▸ **WORK ITEM**:
When you reach the line with "总的来说,好消息是价格上涨已基本成为过去。这包括 GeForce RTX" in the records below, begin transcribing exactly and continue up to and including the line with "Dans le goût", leaving out every picture.

▸ **DATASET**:
----

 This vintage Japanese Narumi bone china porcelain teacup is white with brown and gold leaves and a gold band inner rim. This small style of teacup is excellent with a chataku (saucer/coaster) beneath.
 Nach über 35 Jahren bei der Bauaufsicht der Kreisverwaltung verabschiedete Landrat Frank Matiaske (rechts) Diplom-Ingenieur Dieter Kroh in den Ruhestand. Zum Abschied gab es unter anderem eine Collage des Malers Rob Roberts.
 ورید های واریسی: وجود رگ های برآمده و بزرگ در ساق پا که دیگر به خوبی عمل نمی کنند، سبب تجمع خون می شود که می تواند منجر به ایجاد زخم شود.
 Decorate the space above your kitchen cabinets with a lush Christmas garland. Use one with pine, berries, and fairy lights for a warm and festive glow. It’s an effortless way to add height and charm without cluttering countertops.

----

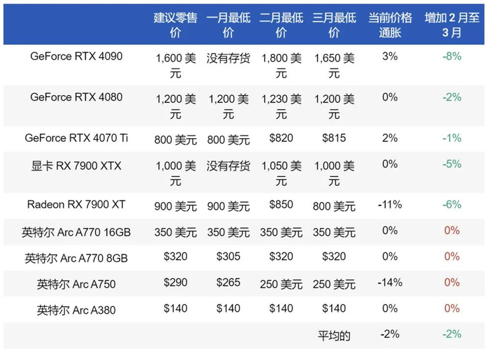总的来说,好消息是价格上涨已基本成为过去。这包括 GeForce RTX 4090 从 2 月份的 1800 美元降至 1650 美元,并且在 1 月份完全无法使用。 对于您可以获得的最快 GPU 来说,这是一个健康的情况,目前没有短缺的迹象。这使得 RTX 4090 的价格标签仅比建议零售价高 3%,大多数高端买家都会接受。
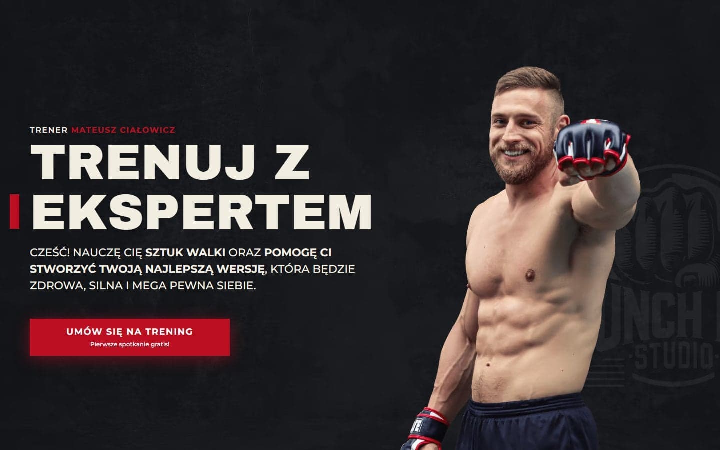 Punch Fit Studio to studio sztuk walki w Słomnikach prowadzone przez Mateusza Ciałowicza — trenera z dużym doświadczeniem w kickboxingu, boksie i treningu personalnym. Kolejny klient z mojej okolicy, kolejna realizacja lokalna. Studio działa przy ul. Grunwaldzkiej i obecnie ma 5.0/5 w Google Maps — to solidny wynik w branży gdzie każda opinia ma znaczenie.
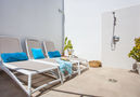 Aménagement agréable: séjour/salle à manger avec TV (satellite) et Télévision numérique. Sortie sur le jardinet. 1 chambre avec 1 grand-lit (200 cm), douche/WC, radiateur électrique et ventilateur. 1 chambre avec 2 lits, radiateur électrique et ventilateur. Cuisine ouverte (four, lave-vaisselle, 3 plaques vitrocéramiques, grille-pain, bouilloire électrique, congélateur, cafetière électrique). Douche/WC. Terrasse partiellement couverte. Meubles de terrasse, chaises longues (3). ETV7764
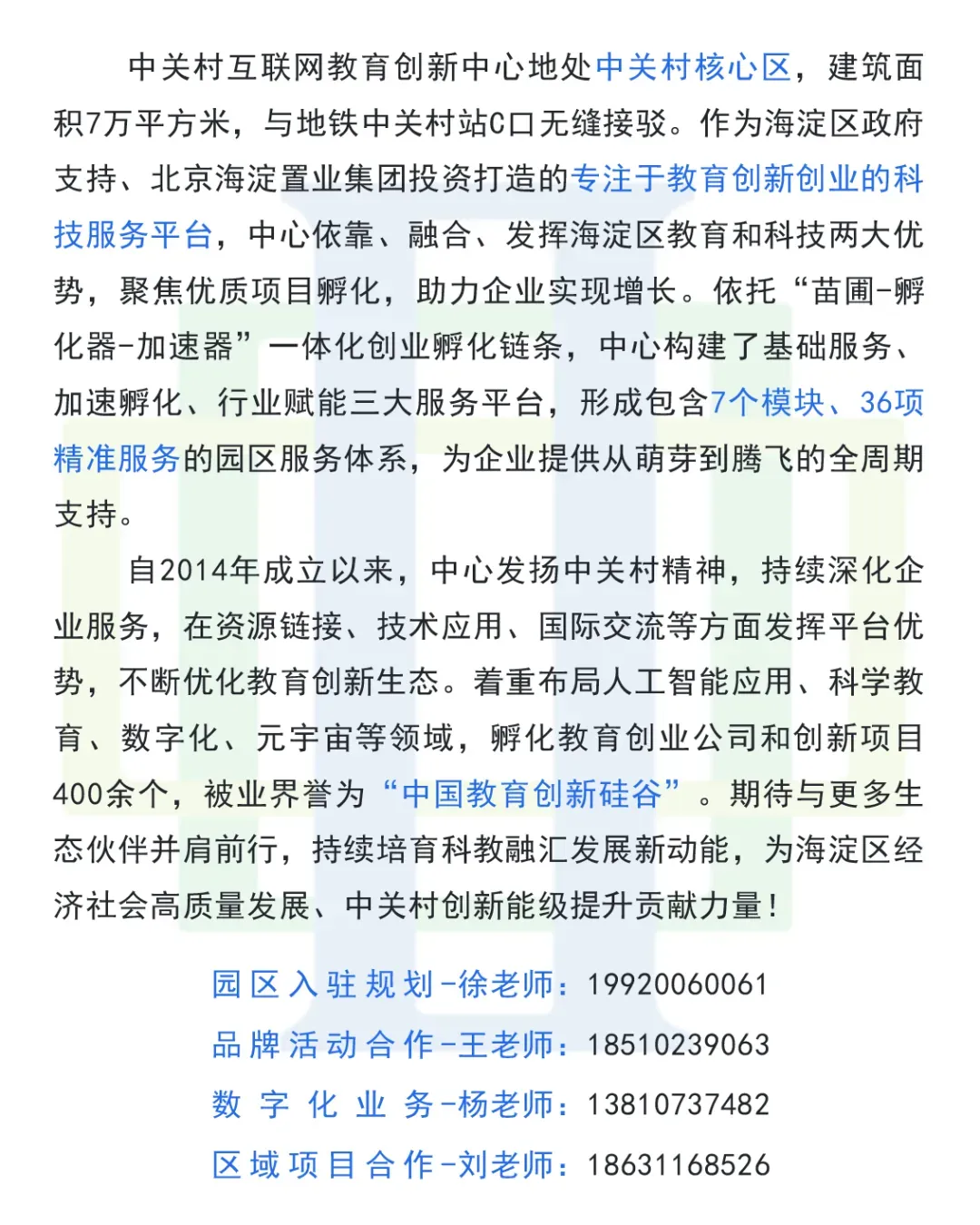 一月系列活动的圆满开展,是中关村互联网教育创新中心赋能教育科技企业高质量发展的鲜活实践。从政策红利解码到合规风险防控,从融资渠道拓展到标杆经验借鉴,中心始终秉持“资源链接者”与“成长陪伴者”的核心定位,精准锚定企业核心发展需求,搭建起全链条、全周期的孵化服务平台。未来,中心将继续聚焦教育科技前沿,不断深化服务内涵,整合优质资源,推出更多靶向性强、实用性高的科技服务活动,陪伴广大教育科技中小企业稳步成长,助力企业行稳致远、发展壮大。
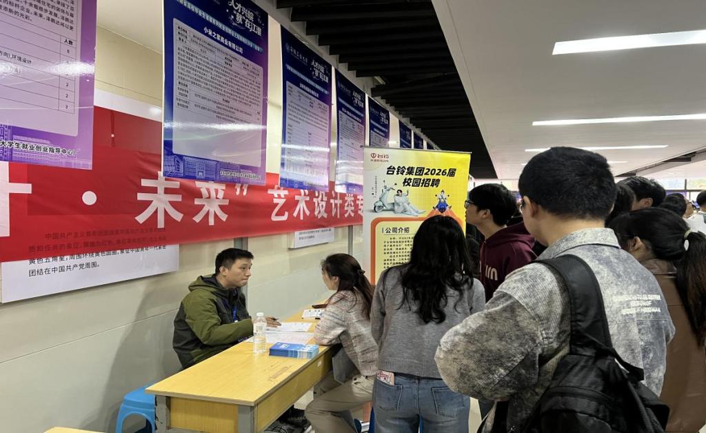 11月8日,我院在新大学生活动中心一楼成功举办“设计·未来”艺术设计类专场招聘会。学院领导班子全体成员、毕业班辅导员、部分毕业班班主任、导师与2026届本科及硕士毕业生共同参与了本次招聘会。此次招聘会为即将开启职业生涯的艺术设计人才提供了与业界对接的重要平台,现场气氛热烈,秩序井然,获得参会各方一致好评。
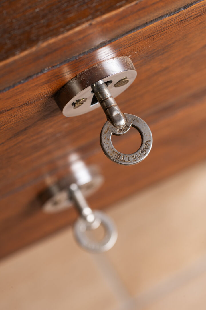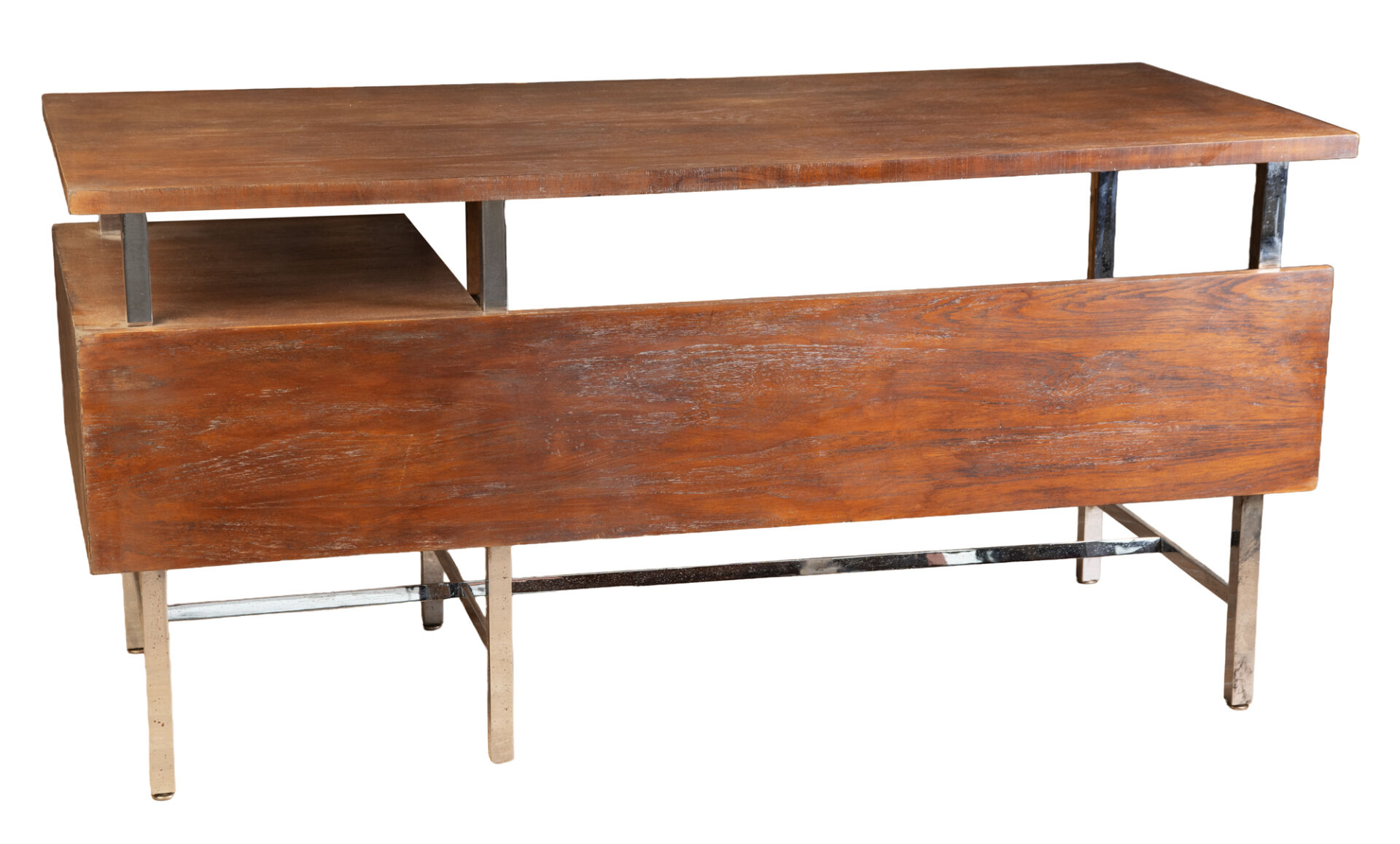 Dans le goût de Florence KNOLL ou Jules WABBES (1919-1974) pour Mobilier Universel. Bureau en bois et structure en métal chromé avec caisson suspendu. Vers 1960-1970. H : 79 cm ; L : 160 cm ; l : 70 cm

----

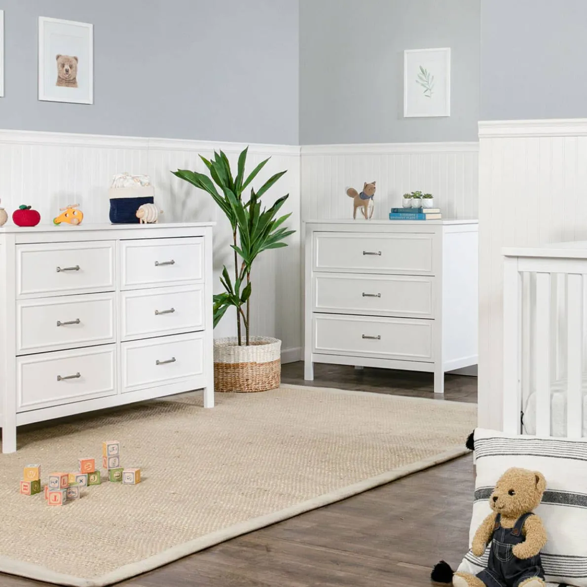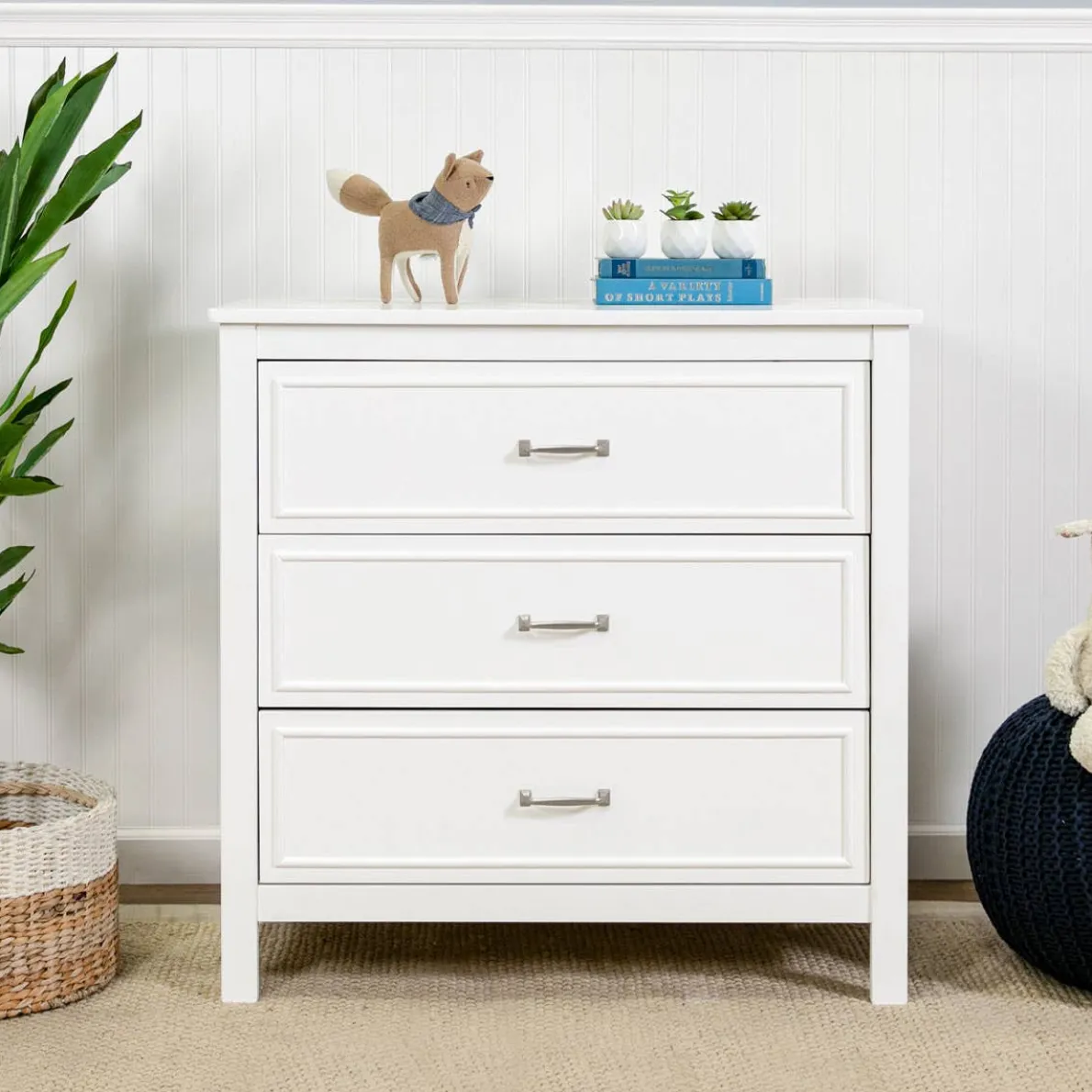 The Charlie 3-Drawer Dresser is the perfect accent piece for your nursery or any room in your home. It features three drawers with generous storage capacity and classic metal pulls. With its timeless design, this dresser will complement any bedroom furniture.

----

▸ **SOLUTION TO THIS EXERCISE**:
总的来说,好消息是价格上涨已基本成为过去。这包括 GeForce RTX 4090 从 2 月份的 1800 美元降至 1650 美元,并且在 1 月份完全无法使用。 对于您可以获得的最快 GPU 来说,这是一个健康的情况,目前没有短缺的迹象。这使得 RTX 4090 的价格标签仅比建议零售价高 3%,大多数高端买家都会接受。
 Punch Fit Studio to studio sztuk walki w Słomnikach prowadzone przez Mateusza Ciałowicza — trenera z dużym doświadczeniem w kickboxingu, boksie i treningu personalnym. Kolejny klient z mojej okolicy, kolejna realizacja lokalna. Studio działa przy ul. Grunwaldzkiej i obecnie ma 5.0/5 w Google Maps — to solidny wynik w branży gdzie każda opinia ma znaczenie.
 Aménagement agréable: séjour/salle à manger avec TV (satellite) et Télévision numérique. Sortie sur le jardinet. 1 chambre avec 1 grand-lit (200 cm), douche/WC, radiateur électrique et ventilateur. 1 chambre avec 2 lits, radiateur électrique et ventilateur. Cuisine ouverte (four, lave-vaisselle, 3 plaques vitrocéramiques, grille-pain, bouilloire électrique, congélateur, cafetière électrique). Douche/WC. Terrasse partiellement couverte. Meubles de terrasse, chaises longues (3). ETV7764
 一月系列活动的圆满开展,是中关村互联网教育创新中心赋能教育科技企业高质量发展的鲜活实践。从政策红利解码到合规风险防控,从融资渠道拓展到标杆经验借鉴,中心始终秉持“资源链接者”与“成长陪伴者”的核心定位,精准锚定企业核心发展需求,搭建起全链条、全周期的孵化服务平台。未来,中心将继续聚焦教育科技前沿,不断深化服务内涵,整合优质资源,推出更多靶向性强、实用性高的科技服务活动,陪伴广大教育科技中小企业稳步成长,助力企业行稳致远、发展壮大。
 11月8日,我院在新大学生活动中心一楼成功举办“设计·未来”艺术设计类专场招聘会。学院领导班子全体成员、毕业班辅导员、部分毕业班班主任、导师与2026届本科及硕士毕业生共同参与了本次招聘会。此次招聘会为即将开启职业生涯的艺术设计人才提供了与业界对接的重要平台,现场气氛热烈,秩序井然,获得参会各方一致好评。
 Dans le goût de Florence KNOLL ou Jules WABBES (1919-1974) pour Mobilier Universel. Bureau en bois et structure en métal chromé avec caisson suspendu. Vers 1960-1970. H : 79 cm ; L : 160 cm ; l : 70 cm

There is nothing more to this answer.